Even without supportive studies, there are other lines of evidence suggesting that beta-blockers could have a preventive or, possibly, a therapeutic role in HCC. In a recent observational study, beta-blockers were associated with reduced mortality from advanced melanoma (HR = 0.81) and reduced all-cause mortality (HR = 0.87; ref. (16). An important record-linkage study (connecting two independently collected sources of data) employing a national prescription database and the cancer registry in Ireland indicated that the non-specific beta-blocker propranolol, but not the specific beta-blocker atenolol, reduced breast cancer mortality (17).

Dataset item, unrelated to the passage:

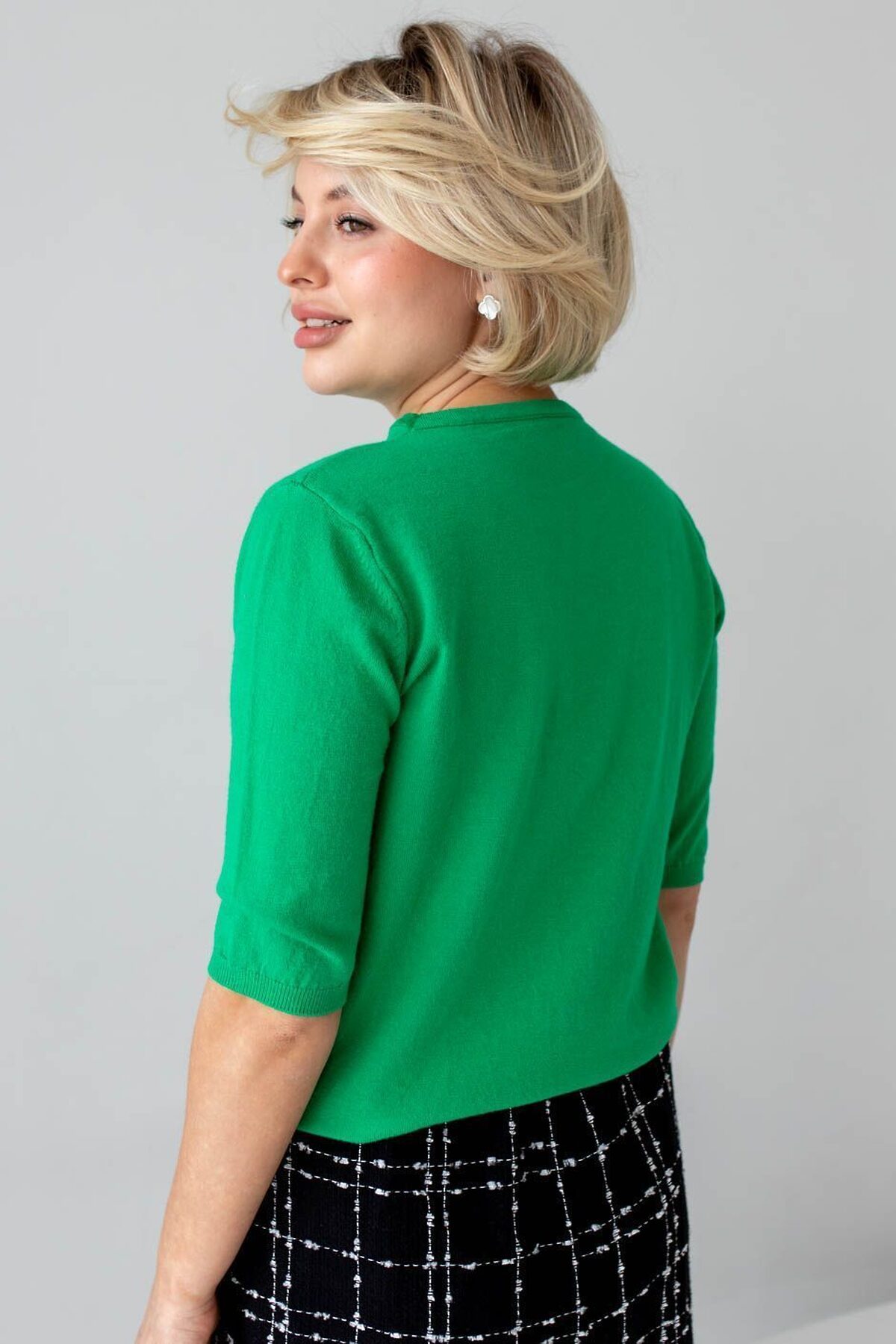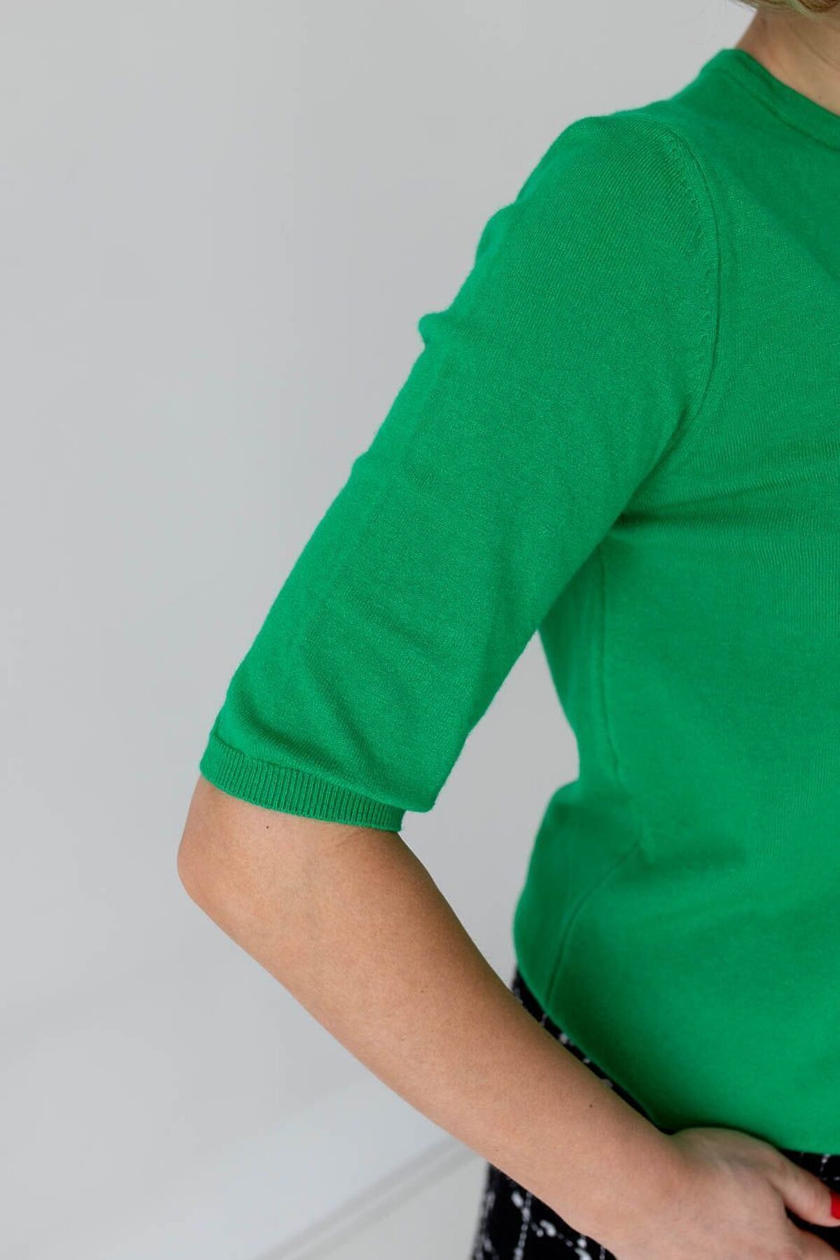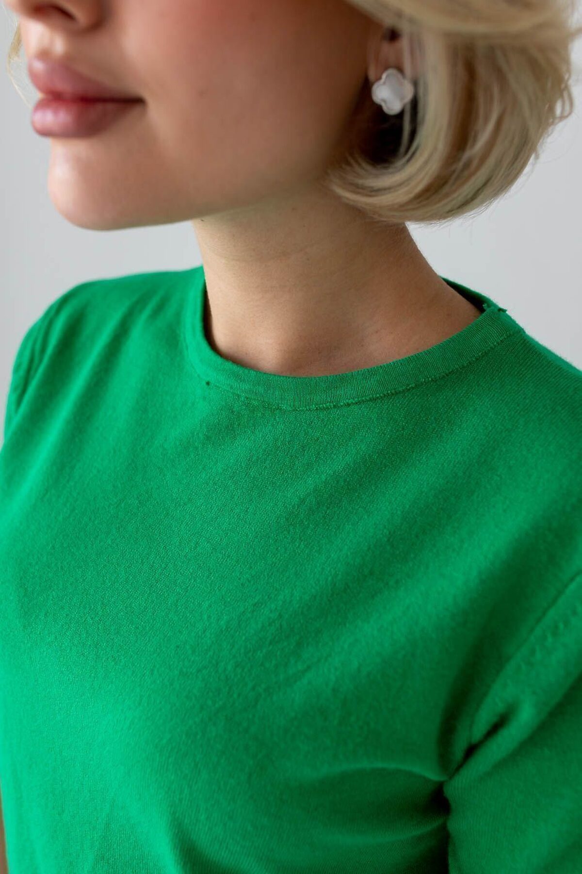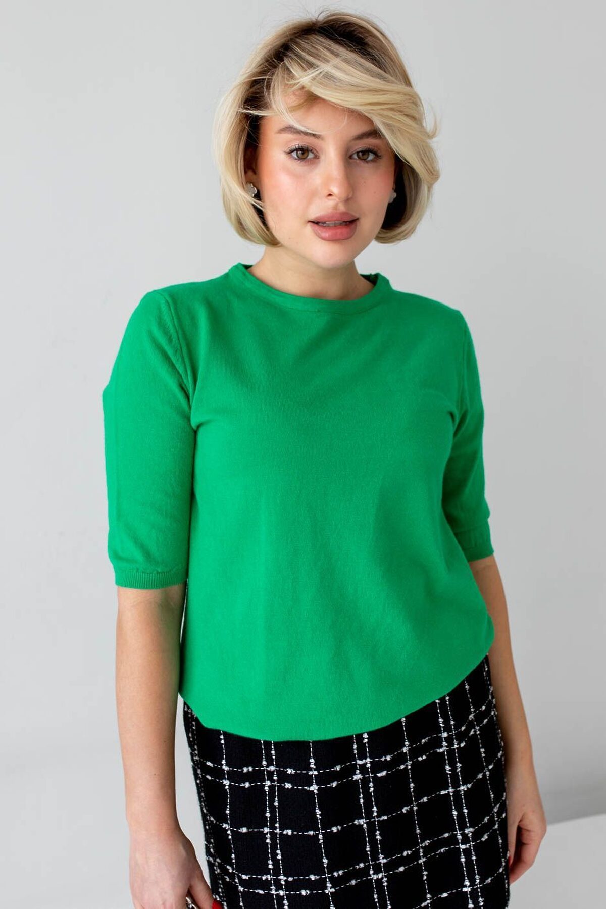 Ткань: трикотажное полотно однотонное. Джемпер свободного покроя, рукав до локтя. Длина ок 60 см. Единый размер до 48.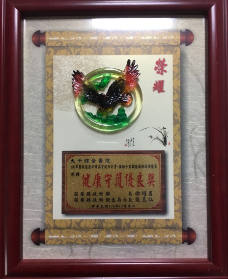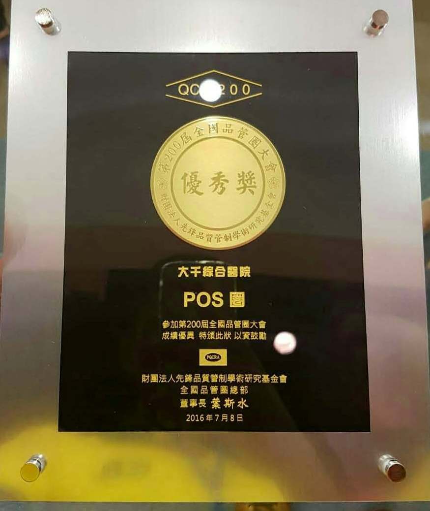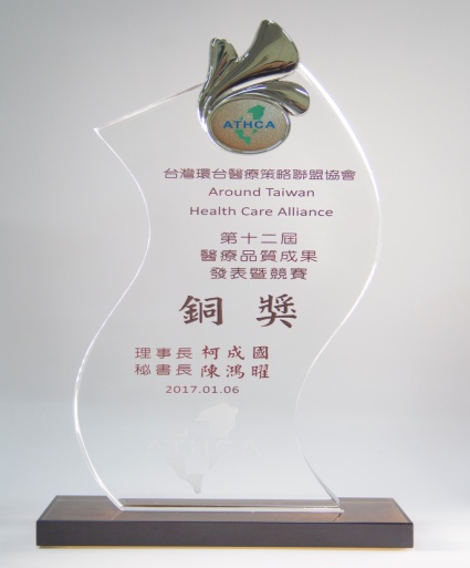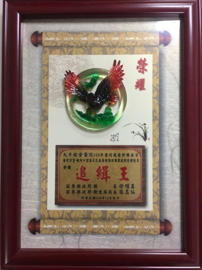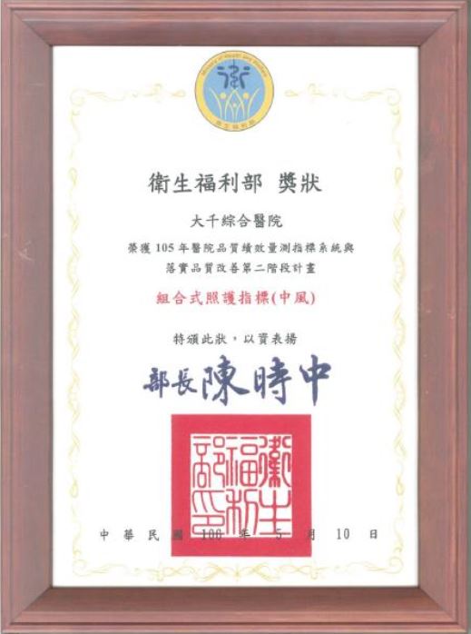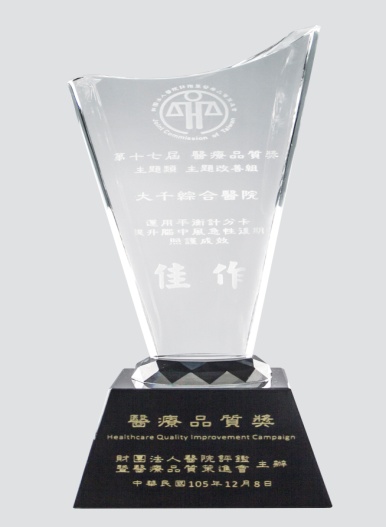 105執行口腔及乳攝篩檢陽性個案追蹤成績優異-追緝王 105第29屆全國團結圈活動競賽-ABO掌心圈-銅塔獎 105第29屆全國團結圈活動競賽-針安圈-金塔獎 105第200屆全國品管圈大會-POS圈-優秀獎 105衛福部醫院品質績效-組合式照護 105環台第十二屆醫療品質成果發表競賽-銅獎 105醫院癌症診療計畫-推動子宮頸癌成績優異-健康守護優良獎 105醫療品質獎HQIC佳作

If propranolol has an anti-tumor effect, it will be important to understand the mechanism of this action. Recent reviews of beta-adrenergic signaling and beta-blockers in cancer provide mechanistic insights into this issue (18–20) These reviews noted that inflammation, angiogenesis, stress, anoikis, apoptosis, cell motility, and activation of tumor viruses contribute to the initiation and progression of cancer and that all these processes are regulated to some degree by beta-adrenergic signaling. In experimental cancer models, activation of the sympathetic nervous system promotes metastasis of solid epithelial tumors. Beta-adrenergic receptors on tumor and stromal cells are activated by norepinephrine from sympathetic nerve fibers and by epinephrine in the circulation.

A study of neurotransmitter-driven regulation using PC-3 prostate carcinoma cells implanted in athymic BALB/c nude mice showed that lumbar lymph node metastases increased with administration of norepinephrine, whereas propranolol inhibited this effect (21). Growth of the primary tumor was not affected by either treatment. Other preclinical laboratory models suggest that beta-adrenergic receptor antagonists like propranolol are likely to inhibit the micrometastatic spread or invasion of early-stage tumors, rather than reducing the burden of large tumors or preventing the occurrence of new tumors (22).

If this hypothesis is correct, then treatment with non-specific beta-blockers like propranolol might prevent HCC in cirrhosis patients by preventing intra-hepatic micrometastases or invasion of surrounding liver parenchyma from a small localized tumor rather than actually preventing the formation of new HCCs. Furthermore, propranolol does not appear to be affected by the underlying etiology of the cirrhosis and therefore might ultimately be useful in reducing the risk of HCC in cirrhosis from any cause. Whatever the mechanism might be, the role of propranolol in cirrhosis and HCC could be a fertile field for further investigation.